March 12, 2011- On Wednesday, Gov. Rick Scott (R-FL), along with his cabinet, reinstated a rule with major civil rights implications requiring felons to wait at least five years beyond the end of their sentence before applying to regain the right to vote. From the Palm Beach Post:
Gov. Rick Scott and the Florida Cabinet on Wednesday imposed a minimum five-year waiting period for convicted felons to apply to have their rights restored, setting up a more onerous standard than the state has used for the past three decades.

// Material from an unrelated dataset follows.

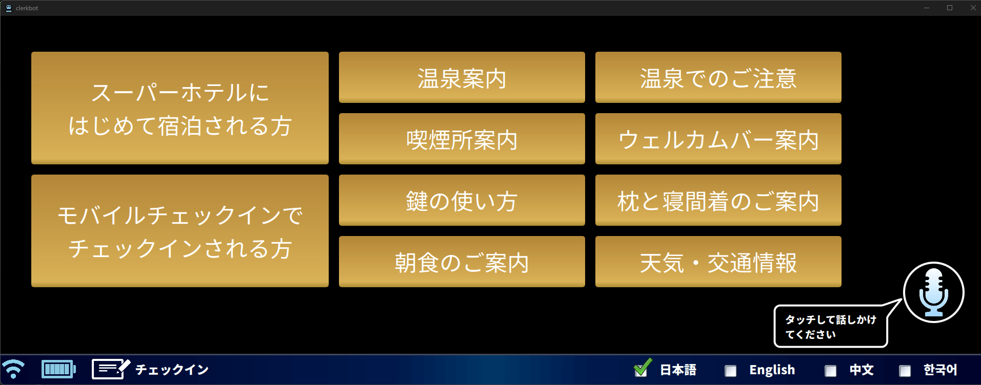 ※3:『ClerkBot』以外でも、同ホテルフロント設置の「『モバイルチェックインシステム』専用機」からチェックインが可能。

Gov. Jeb Bush (R) dismantled the five-year waiting period in 2004, in the wake of the controversial 2000 presidential election, during which thousands of Floridians were disenfranchised after a state voter database erroneously labeled them felons. The effects of the felony disenfranchisement law in 2000 were that "over 600,000 non-incarcerated citizens" were prevented from voting "in a presidential election decided by 537 votes." In 2007, Gov. Charlie Crist (I) did away with the application process for nonviolent felons and allowed for the automatic restoration of civil rights upon sentence completion.
Gov. Scott's move to turn back the clock is unusual in itself; the only other states with similar laws are Virginia and Kentucky. But the historical context and the practical implications of the law are far more troubling than Scott's restoration of the harshly punitive policy.

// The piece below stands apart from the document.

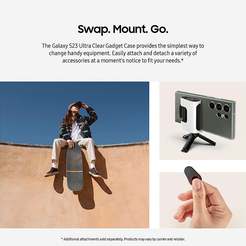 این کاور اصلی برند سامسونگ از جنس پلاستیک سخت ساخته شده و دارای یک گیریپ و درپوش می باشد و به دلیل داشتن برش ها و اندازه هایی دقیق به خوبی از گوشی شما محافظت کرده و در ورودی پورت ها اجازه دسترسی آسان به درگاه های گوشی تلفن همراه را امکان پذیر می کند. جنس به کار رفته در کاور Clear Gadget سامسونگ Galaxy S23 Ultra باعث می شود که گوشی به خوبی در دستان شما قرار گرفته و مشکلی از بابت لیز خوردن گوشی از دستتان نخواهید داشت. نکته قابل توجه در مورد این محصول آن است که درون بسته بندی یک قاب به همراه یک نگهدانده و یک درپوش که هر دو قابلیت تعویض دارند، قرار داده شده است.

Felon disenfranchisement rules are rooted in post-Civil War statutes designed to circumvent national laws guaranteeing blacks the right to vote. When Florida was forced during Reconstruction to adopt a state constitution recognizing the right to vote (for men) regardless of race, the constitution it ratified included a felon disenfranchisement provision for which, according to a report from the Florida Advisory Committee to the U.S. Commission on Civil Rights, there is historical "evidence of a racial animus." According to the American Constitution Society:
General disenfranchisement laws that had applied to all criminals were tailored to particularized crimes that were committed more frequently by blacks than crimes that were committed more often by whites. Thus, while today's felony disenfranchisement laws are facially neutral, many are inherited from an underlying legacy of racist voting restrictions.